The second plot is by SGHMC_parallel.


##### Example of Linear Model

We want to use sghmc to estimate the parameters of linear model. We perform the algorithm on simulated data with known true parameters, and compare the resulting estimates to the true paramaters.

Suppose we want to simulate 100 observations from a linear model with a 1-dim response variable and 3 predictors, the model could be expressed as below:

$y|x,\alpha, \beta, \sigma^2 \sim N(\alpha + x^T\beta, \sigma^2)$

where y is the response variables, x are the vector of 3 predictors with shape (3,1), $\alpha$ are the intercept, $\beta$ are the vector with shape (3,1) of coefficeints for 3 predictor, $\sigma^2$ is the variance of noise.

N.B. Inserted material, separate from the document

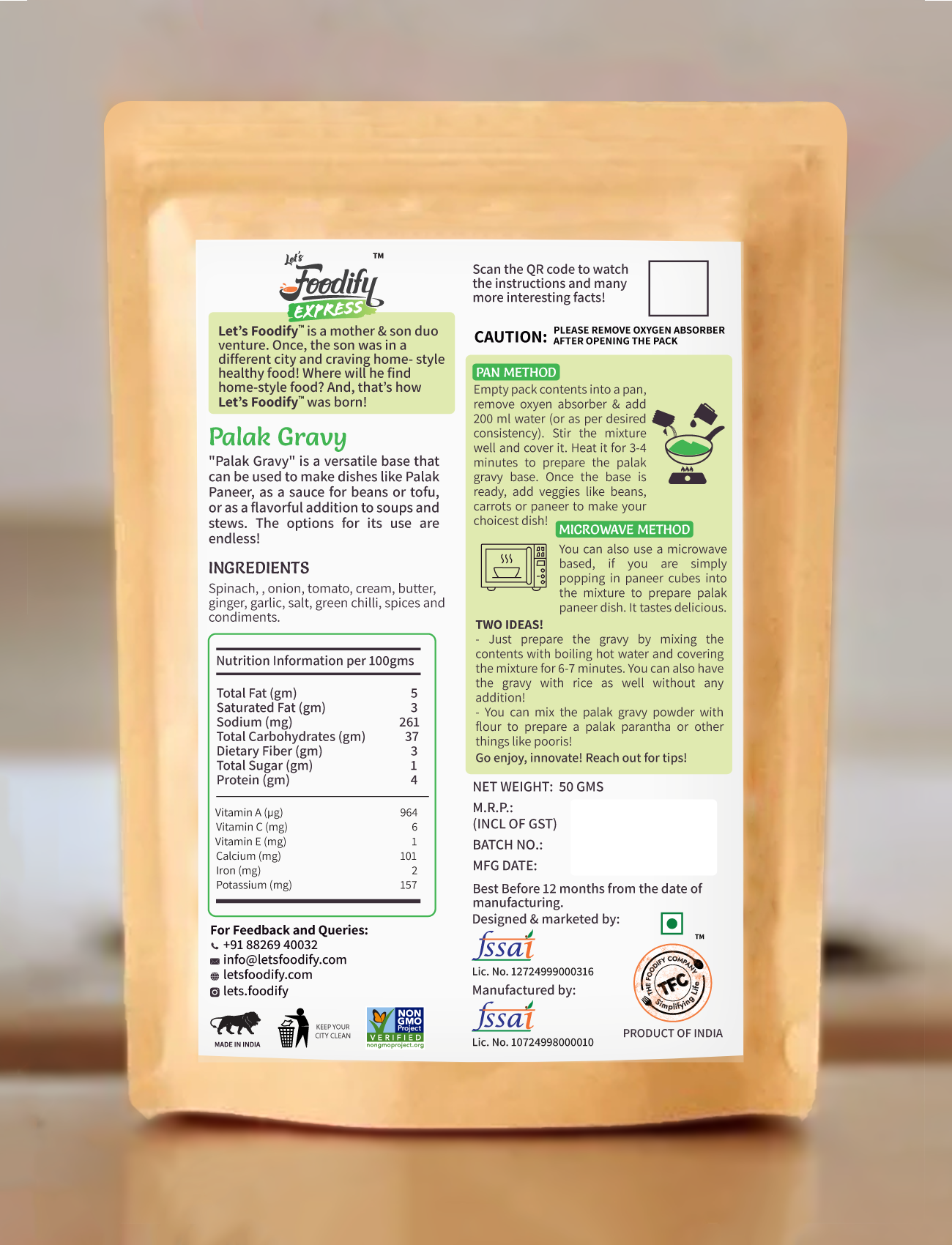 Net Wt: 50g | Ready Wt: 250g | Shelf Life: 12 months

To sample y from above model, we first sample x from $MVN(0,I_3)$. We set true $\alpha=1$, true $\beta=(2,3,4)^T$ and true $\sigma^2=1$. Next, we sample noise from $N(0,\sigma^2)$. Finally we compute $y = \alpha + x^T\beta + noise$. 

Repeat the above procedure 100 times to generate 100 samples of $x,y$. Note that we may vectorize y and matrixrize x so that we may compute y collectively.

Now apply our sghmc module for sampling from $p(\alpha,\beta,\sigma^2|Y,X)$. Note that we need to log transform $\sigma^2$ since we need the hmc algorithm to explore the whole state space freely. The true $log(\sigma^2) = log(1)=0$

DESCRPTION OF FUNCTION INPUTS

The results are below:

|parameter     |$\alpha$|$\beta_1$|$\beta_2$|$\beta_3$| $log(\sigma^2)$ |
|--------------|--------|---------|---------|---------|-----------------|
|Posterior mean|0.985   |1.875    |2.855    |3.922    |-0.097           |

The posterior are close to the true values.

The rmse based on the posterior estimation of parameters is 9.09.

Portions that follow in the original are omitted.